Emily Dickinson, in her poem, “These are the days when Birds come back”, comments on the uncertainty of religion and implies that religion can be neither proven nor disproven.  In the footnotes in Perrine’s, it says the time of year represented in the poem is an Indian summer. An Indian summer is a sudden heat wave that occurs in the fall. Even the time of year depicted in the poem is representative of uncertainty as even when it is supposed to be cold, there can be a sudden, unexpected shift in temperature. I think the heat wave represents any unexpected or difficult time in life.  In the first stanza, “ a Bird or two” is fooled by the Indian summer and think that summer has returned.  Birds symbolize a higher connection to God which is represented by the fact they in flight they are physically closer to God. The fact that the word Bird is capitalized indicates that these birds are connected to God in some way and may be angels. The Birds looking back could be a metaphor for religious people who in an unexpected time of trouble, don’t look to God, but “take a backward look” or look for solutions from other sources.  The reason why religious people look back is because God can be neither proven nor disproven and thus they can’t be sure if God is the solution to their problems.
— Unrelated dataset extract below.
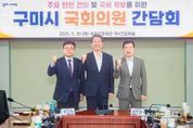 파이낸셜대구경북 금교광 기자 | 구미시는 9월 30일 국회를 방문해 구자근, 강명구 지역구 국회의원과 간담회를 열고 지역 주요 현안과 국비 확보 전략을 논의했다. 이날 간담회에는 김장호 시장을 비롯해 구미시 주요 간부 공무원 등 30여 명이 참석했다. 시는 현안 사업 추진 상황과 정부 예산 동향을 공유하며 국회 차원의 전략적 지원 방안을 모색했다. 주요 현안사업으로는 △구미국가산업단지 1~3단지 연결교량 신설 △구미~신공항 철도건설 △대한민국역사박물관(구미산업화역사관) 건립 △새마을운동중앙회 및 연수원 유치 △'5극 3특'국가균형성장 전략 대응 △한국은행 구미지역본부 유치 △'방위산업 소재ㆍ부품ㆍ장비 특화단지'유치 △국가 푸드테크 클러스터 조성 등이 논의됐다. 주요 국비사업으로 △구미시 제조창업 인큐베이팅 센터 구축 △AX 실증산단 구축 사업 △지역 주력 중소기업형 인공지능 데이터 스페이스 구축 △차세대 디스플레이 핵심부품ㆍ소재 기술개발 △반도체 장비 챔버용 소재부품 제조 및 검증 테스트베드 구축 △수요확대형 배터리 테스트베드 구축 △구미 산동 국민체육센터 조성 △푸드테크 연구지원센터 구축 △펫테크 산업화 지원센터 구축 △

In the next stanza, “The skies resume the old”, as in they return to normal when the trouble has passed. However this transition is described as “sophistries of June” because the troubles appear to have passed for misleading reasons. The religious people think that the reason that their troubles have passed is because of God, but this can’t be proven. This image is depicted in the last line of the stanza: the portrayal of “a blue and gold mistake” is representative of a summer day where the sky is clear and the sun is shining.
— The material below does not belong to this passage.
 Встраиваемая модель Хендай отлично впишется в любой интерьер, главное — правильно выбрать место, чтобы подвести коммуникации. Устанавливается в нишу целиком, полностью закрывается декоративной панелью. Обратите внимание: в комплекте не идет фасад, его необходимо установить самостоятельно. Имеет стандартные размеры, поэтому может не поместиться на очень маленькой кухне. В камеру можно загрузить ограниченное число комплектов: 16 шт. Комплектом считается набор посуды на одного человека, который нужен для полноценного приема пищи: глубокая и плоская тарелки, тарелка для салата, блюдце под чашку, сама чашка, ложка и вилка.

Even though the Indian summer fooled the birds, it is a “fraud that cannot cheat the Bee”.  In the footnotes of Perrine’s, it says that the bee is “an allusion to one of the apocryphal tales of Solomon, who distinguished between real and artificial flowers by pitting a bee in the room; the bee of course flew to the real”. According to this description, the bee represents the ability to distinguish between the real and the artificial. Dickinson says that she was “almost” fooled which “induces” or influences her beliefs.  So unlike the other followers, she wasn’t fooled to blindly believe in God, but appears to take a more neutral stance on religion. He may or may not exist.
Dickinson describes death as the moment when one discovers whether or not God exists. The “altered air” represents a kind of enlightenment.  “Oh Last Communion in the Haze” is when you become enlightened to the existence or nonexistence to God as it is when the “haze” is lifted. When we die we “partake” in “bread” and “wine”. This represents the body of Christ, and in eating, we are becoming closer to God in the afterlife after we die. However, bread and wine are also associated with the death of Christ; so possibly upon us dying and not going to the afterlife, we will realize that God doesn’t existence and our idea of God dies. Either way we won’t be sure of the existence of God until we die, but at that point it is too late.